Sec. 250.471 What are the requirements for Arctic OCS source control
and containment?
You must meet the following requirements for all exploration wells
drilled on the Arctic OCS:
(a) If you use a MODU when drilling below or working below the
surface casing, you must have access to:
(1) A capping stack, positioned to ensure that it will arrive at
the well location within 24 hours after a loss of well control and can
be deployed as directed by the Regional Supervisor pursuant to
paragraph (h) of this section;
(2) A cap and flow system, positioned to ensure that it will arrive
at the well location within 7 days after a loss of well control and can
be deployed as directed by the Regional Supervisor pursuant to
paragraph (h) of this section. The cap and flow system must be designed
to capture at least the amount of hydrocarbons equivalent to the
calculated worst case discharge rate referenced in your BOEM-approved
EP; and
(3) A containment dome, positioned to ensure that it will arrive at
the well location within 7 days after a loss of well control and can be
deployed as directed by the Regional Supervisor pursuant to paragraph
(g) of this section. The containment dome must have the capacity to
pump fluids without relying on buoyancy.
(b) You must conduct a monthly stump test of dry-stored capping
stacks. If you use a pre-positioned capping stack, you must conduct a
stump test prior to each installation on each well.
(c) As required by Sec. 250.465(a), if you propose to change your
well design, you must submit an APM. For Arctic OCS operations, your
APM must include a
[[Page 9968]]
reevaluation of your SCCE capabilities for any new WCD rate, and a
demonstration that your SCCE capabilities will meet the criteria in
Sec. 250.470(f) under the changed well design.
(d) You must conduct tests or exercises of your SCCE, including
deployment of your SCCE, when directed by the Regional Supervisor.
(e) You must maintain records pertaining to testing, inspection,
and maintenance of your SCCE for at least 10 years and make the records
available to any authorized BSEE representative upon request.
(f) You must maintain records pertaining to the use of your SCCE
during testing, training, and deployment activities for at least 3
years and make the records available to any authorized BSEE
representative upon request.
(g) Upon a loss of well control, you must initiate transit of all
SCCE identified in paragraph (a) of this section to the well.

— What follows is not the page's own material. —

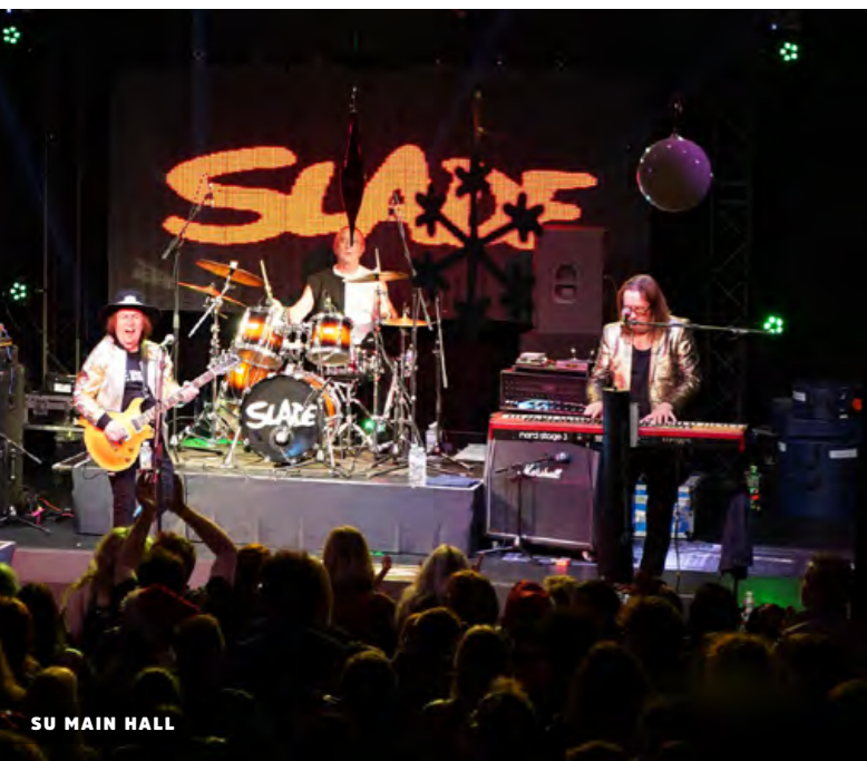
SU MAIN HALL

(h) You must deploy and use SCCE when directed by the Regional
Supervisor.
Sec. 250.472 What are the relief rig requirements for the Arctic OCS?
(a) In the event of a loss of well control, the Regional Supervisor
may direct you to drill a relief well using the relief rig described in
your APD. Your relief rig must comply with all other requirements of
this part for drilling operations, and it must be able to drill a
relief well under anticipated Arctic OCS Conditions.
(b) When you are drilling below or working below the surface casing
during Arctic OCS exploratory drilling operations, you must have access
to a relief rig, different from your primary drilling rig, staged in a
location such that it can arrive on site, drill a relief well, kill and
abandon the original well, and abandon the relief well prior to
expected seasonal ice encroachment at the drill site, but no later than
45 days after the loss of well control.
(c) Operators may request approval of alternative compliance
measures to the relief rig requirement in accordance with Sec.
250.141.
Sec. 250.473 What must I do to protect health, safety, property, and
the environment while operating on the Arctic OCS?
In addition to the requirements set forth in Sec. 250.107, when
conducting exploratory drilling operations on the Arctic OCS, you must
protect health, safety, property, and the environment by using the
following:
(a) Equipment and materials that are rated or de-rated for service
under conditions that can be reasonably expected during your
operations; and
(b) Measures to address human factors associated with weather
conditions that can be reasonably expected during your operations
including, but not limited to, provision of proper attire and
equipment, construction of protected work spaces, and management of
shifts.
0
11. Amend Sec. 250.1920 by:
0
a. Adding a new last sentence to paragraphs (b)(5), (c), and (d); and
0
b. Adding new paragraphs (e) and (f) to read as follows:
Sec. 250.1920 What are the auditing requirements for my SEMS program?
* * * * *
(b) * * *
(5) * * * For exploratory drilling operations taking place on the
Arctic OCS, you must conduct an audit, consisting of an onshore portion
and an offshore portion, including all related infrastructure, once per
year for every year in which drilling is conducted.
* * * * *
(c) * * * For exploratory drilling operations taking place on the
Arctic OCS, you must submit an audit report of the audit findings,
observations, deficiencies and conclusions for the onshore portion of
your audit no later than March 1 in any year in which you plan to
drill, and for the offshore portion of your audit, within 30 days of
the close of the audit.
(d) * * * For exploratory drilling operations taking place on the
Arctic OCS, you must provide BSEE with a copy of your CAP for
addressing deficiencies or nonconformities identified in the onshore
portion of the audit no later than March 1 in any year in which you
plan to drill, and for the offshore portion of your audit, within 30
days of the close of the audit.
(e) For exploratory drilling operations taking place on the Arctic
OCS, during the offshore portion of each audit, 100 percent of the
facilities operated must be audited while drilling activities are
underway. The offshore portion of the audit for each facility must be
started and closed within 30 days after the first spudding of the well
or entry into an existing wellbore for any purpose from that facility.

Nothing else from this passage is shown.